When checked in CLI, PI database size is 638G (97% of allocated space ). As suggested, did a “disc cleanup” and that helped to recover ~25G. Within a day that space consumed by the database and constantly getting above alert. You can check your CPI database utilization as below (optvol is the one holding CPI database which is running out of space)

prime/admin# root
Enter root password :
Starting root bash shell ...

ade # df -h
Filesystem            Size  Used Avail Use% Mounted on
/dev/mapper/smosvg-rootvol
                      3.8G  461M  3.2G  13% /
/dev/mapper/smosvg-varvol
                      3.8G  784M  2.9G  22% /var
/dev/mapper/smosvg-optvol
                      694G  638G   21G  97% /opt
/dev/mapper/smosvg-tmpvol
                      1.9G   36M  1.8G   2% /tmp
/dev/mapper/smosvg-usrvol
                      6.6G  1.3G  5.1G  20% /usr
/dev/mapper/smosvg-recvol
                       93M  5.6M   83M   7% /recovery
/dev/mapper/smosvg-home
                       93M  5.6M   83M   7% /home
/dev/mapper/smosvg-storeddatavol
                      9.5G  151M  8.9G   2% /storeddata
/dev/mapper/smosvg-altrootvol
                       93M  5.6M   83M   7% /altroot
/dev/mapper/smosvg-localdiskvol
                      130G   53G   71G  43% /localdisk
/dev/sda2              97M  5.6M   87M   7% /storedconfig
/dev/sda1             485M   25M  435M   6% /boot
tmpfs                 7.8G  2.6G  5.3G  33% /dev/shm
ade # exit

here is how you could do the disk cleanup

prime/admin# ncs cleanup
***************************************************************************
!!!!!!!                           WARNING                           !!!!!!!
***************************************************************************
The clean up can remove all files located in the backup staging directory.
Older log files will be removed and other types of older debug information
will be removed
***************************************************************************
Do you wish to continue? ([NO]/yes) yes
 
***************************************************************************
!!!!!!!                DATABASE CLEANUP WARNING                     !!!!!!!
***************************************************************************
Cleaning up database will stop the server while the cleanup is performed.
The operation can take several minutes to complete
***************************************************************************
Do you wish to cleanup database? ([NO]/yes) yes
 
***************************************************************************
!!!!!!!                USER LOCAL DISK WARNING                      !!!!!!!
***************************************************************************
Cleaning user local disk will remove all locally saved reports, locally
backed up device configurations.
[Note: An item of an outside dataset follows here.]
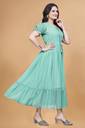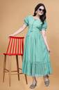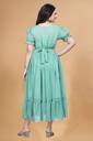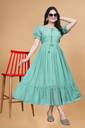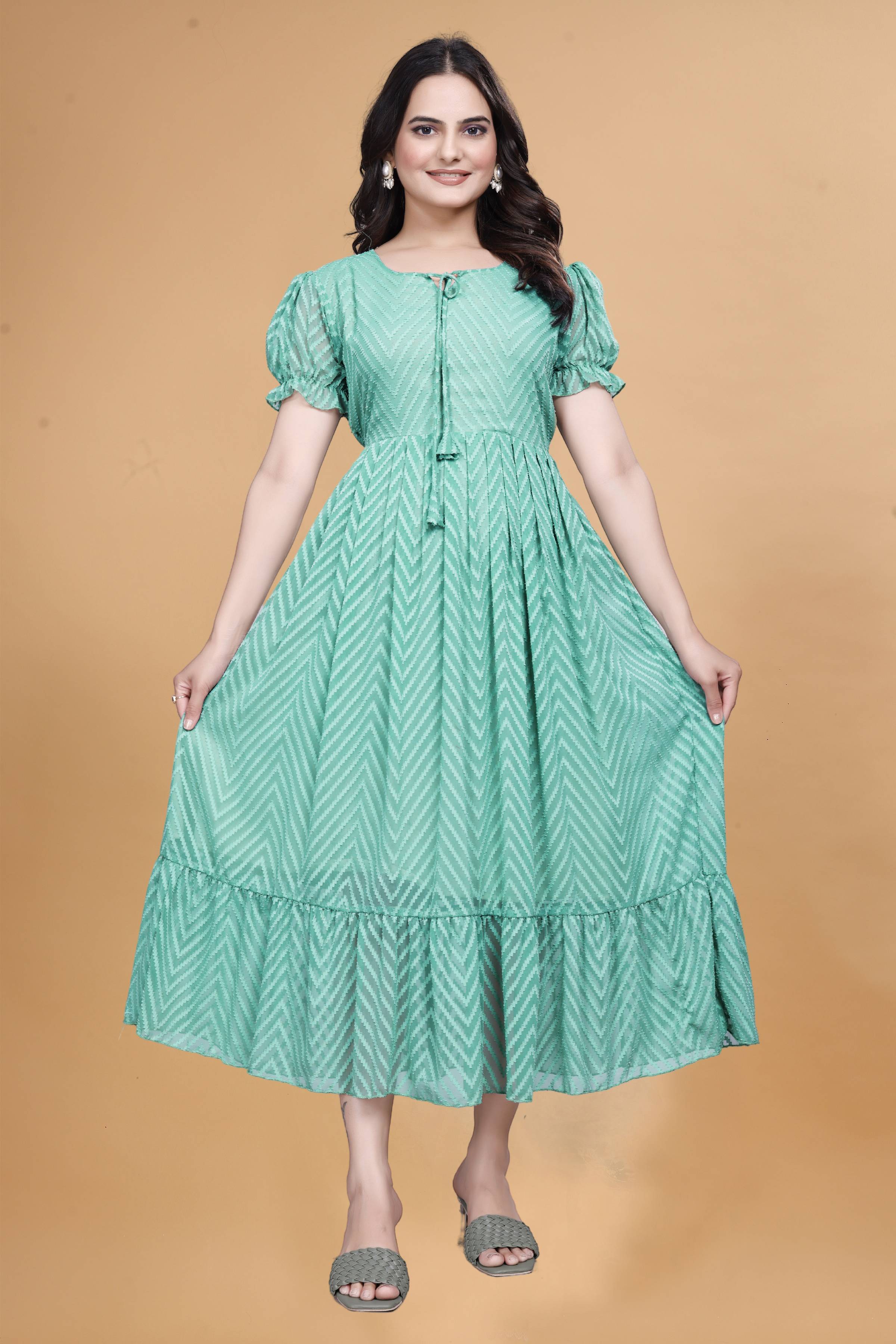 Description-Featuring puff sleeves, a tie-up neckline, and a flattering fit-and-flare silhouette, this dress is perfect for both casual and festive occasions. The subtle chevron textured pattern adds a modern touch, while the soft, flowy fabric ensures comfort and grace all day long. Pair it with heels for a sophisticated look or keep it casual with flats—either way, this dress is a wardrobe must-have.

All files in the local FTP and TFTP
directories will be removed.
***************************************************************************
Do you wish to cleanup user local disk? ([NO]/yes) yes
===================================================
Starting Cleanup: Wed Nov 11 09:41:11 AEDT 2015
===================================================
{Wed Nov 11 09:44:07 AEDT 2015} Removing all files in backup staging directory
{Wed Nov 11 09:44:07 AEDT 2015} Removing all Matlab core related files
{Wed Nov 11 09:44:07 AEDT 2015} Removing all older log files
{Wed Nov 11 09:44:09 AEDT 2015} Cleaning older archive logs
{Wed Nov 11 09:45:01 AEDT 2015} Cleaning database backup and all archive logs
{Wed Nov 11 09:45:01 AEDT 2015} Cleaning older database trace files
{Wed Nov 11 09:45:01 AEDT 2015} Removing all user local disk files
{Wed Nov 11 09:47:31 AEDT 2015} Cleaning database
{Wed Nov 11 09:47:45 AEDT 2015} Stopping server
{Wed Nov 11 09:50:07 AEDT 2015} Not all server processes stop. Attempting to stop remaining
{Wed Nov 11 09:50:07 AEDT 2015} Stopping database
{Wed Nov 11 09:50:09 AEDT 2015} Starting database
{Wed Nov 11 09:50:23 AEDT 2015} Starting database clean
{Wed Nov 11 09:50:23 AEDT 2015} Completed database clean
{Wed Nov 11 09:50:23 AEDT 2015} Stopping database
{Wed Nov 11 09:50:37 AEDT 2015} Starting server
===================================================
Completed Cleanup
Start Time: Wed Nov 11 09:41:11 AEDT 2015
Completed Time: Wed Nov 11 10:01:41 AEDT 2015
===================================================

ade # df -h
Filesystem            Size  Used Avail Use% Mounted on
/dev/mapper/smosvg-rootvol
                      3.8G  461M  3.2G  13% /
/dev/mapper/smosvg-varvol
                      3.8G  784M  2.9G  22% /var
/dev/mapper/smosvg-optvol
                      694G  614G   45G  94% /opt
/dev/mapper/smosvg-tmpvol
                      1.9G   36M  1.8G   2% /tmp
/dev/mapper/smosvg-usrvol
                      6.6G  1.3G  5.1G  20% /usr
/dev/mapper/smosvg-recvol
                       93M  5.6M   83M   7% /recovery
/dev/mapper/smosvg-home
                       93M  5.6M   83M   7% /home
/dev/mapper/smosvg-storeddatavol
                      9.5G  151M  8.9G   2% /storeddata
/dev/mapper/smosvg-altrootvol
                       93M  5.6M   83M   7% /altroot
/dev/mapper/smosvg-localdiskvol
                      130G  188M  123G   1% /localdisk
/dev/sda2              97M  5.6M   87M   7% /storedconfig
/dev/sda1             485M   25M  435M   6% /boot
tmpfs                 7.8G  2.5G  5.4G  32% /dev/shm

Since disc clean up did not help, reached TAC to see if they could help here. They logged onto DB and removed some old data (mainly alarms/alerts), still recovered space was not released and disc utilization was same as before. I think this issue is tracked by below bug ID

CSCuv81529PI 2.2 – Need a method to reclaim free space after data retention
Symptom:
PI 2.2 - Need a method to reclaim free space after data retention
As of now once records got deleted from tables that doesn't mean that the database engine automatically gives those newly freed bytes of hard disk real estate back to the operating system. 
That space will still be reserved and will be used later in order to write into database , So we need an enhancement in order to reclaim that unused space

Conditions:
NA
Workaround:
NA
Last Modified:Nov 11,2015
Status:Open
Severity:6 Enhancement
Product:Network Level Service
Support Cases:5
Known Affected Releases: 2.2(0.0.58)

So at this point, no way other than building CPI 3.0 from fresh.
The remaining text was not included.